Director Tony Cervone, a longtime Hanna-Barbera and Warner Bros. Animation veteran, opens "Scoob!" with an origin story, flashing back to when Scooby (voiced again by Frank Welker) met Shaggy (Will Forte, taking over for Casey Kasem).

Hundreds of cases later, the movie catches up with Mystery Inc. gang, including Fred (Zac Efron), Daphne (Amanda Seyfried) and Velma (Gina Rodriguez). Setting things in motion is, of all people, Simon Cowell (voicing himself and appearing in weirdly accurate animated form), who professes friendship has no value. "Scoob!" will test the bond between Shaggy and Scooby.
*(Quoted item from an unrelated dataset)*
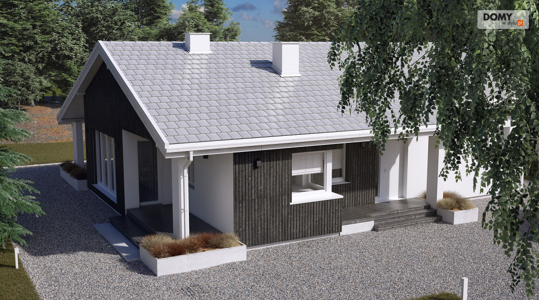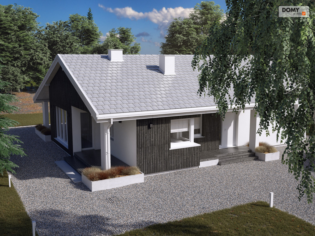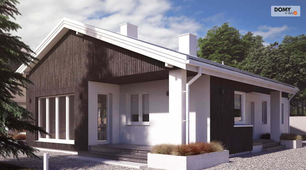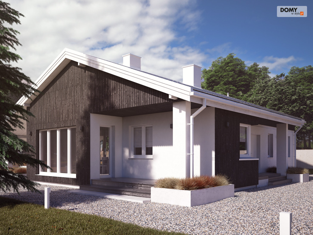 Projekt Malmo jest propozycją parterowego domu mieszkalnego, przeznaczonego dla 3-4 osobowej rodziny.  Program funkcjonalny domu składa się z obszernej sypialni rodziców, dwóch mniejszych pokoi dla dzieci, łazienki, kotłowni, wiatrołapu, kuchni ze spiżarnią oraz salonu z kominkiem i przestrzenią na duży stół jadalny.  Obszerne przeszklenia umożliwiają dodatkowe doświetlenie części dziennej, nadając jej wnętrzu przestronny, współczesny charakter.  Asymetryczna bryła budynku przykryta jest dwuspadowym dachem obejmującym również tarasy dostępne z salonu.  Pokrycie dachu szarą płaską dachówką, oraz rozwiązania materiałowe na elewacji dodają projektowi nowoczesnego wyrazu.

Things immediately go haywire. A spaceship arrives and abducts Shaggy and Scooby. Aboard is the son of Blue Falcon (Mark Wahlberg) and his robotic canine Dynomutt (Ken Jeong), who need Scooby to help stop a scheme launched by Dick Dastardly (Jason Isaacs) involving ancient, mythic dogs.

If Greek antiquity isn't where you'd expect a "Scooby Doo" movie to go, you'll probably also be thrown by straining-to-be-hip gags about the Hemsworth brothers and stealing Netflix passwords. Right down to that exclamation point in the title, "Scoob!" is trying much too hard to be just like every other movie. "Scooby Doo" was never the most unpredictable of shows but "Scoob!" has merely swapped the original's blueprint for that of a superhero movie. You'll be left mournfully munching a bag of Scooby Snacks while wondering, "Scooby-Dooby-Doo, where are you?"


"Scoob!" a Warner Bros. Pictures release, is rated PG by the Motion Picture Association of America for some action, language and rude/suggestive humor. Running time: 94 minutes. One and a half stars out of four.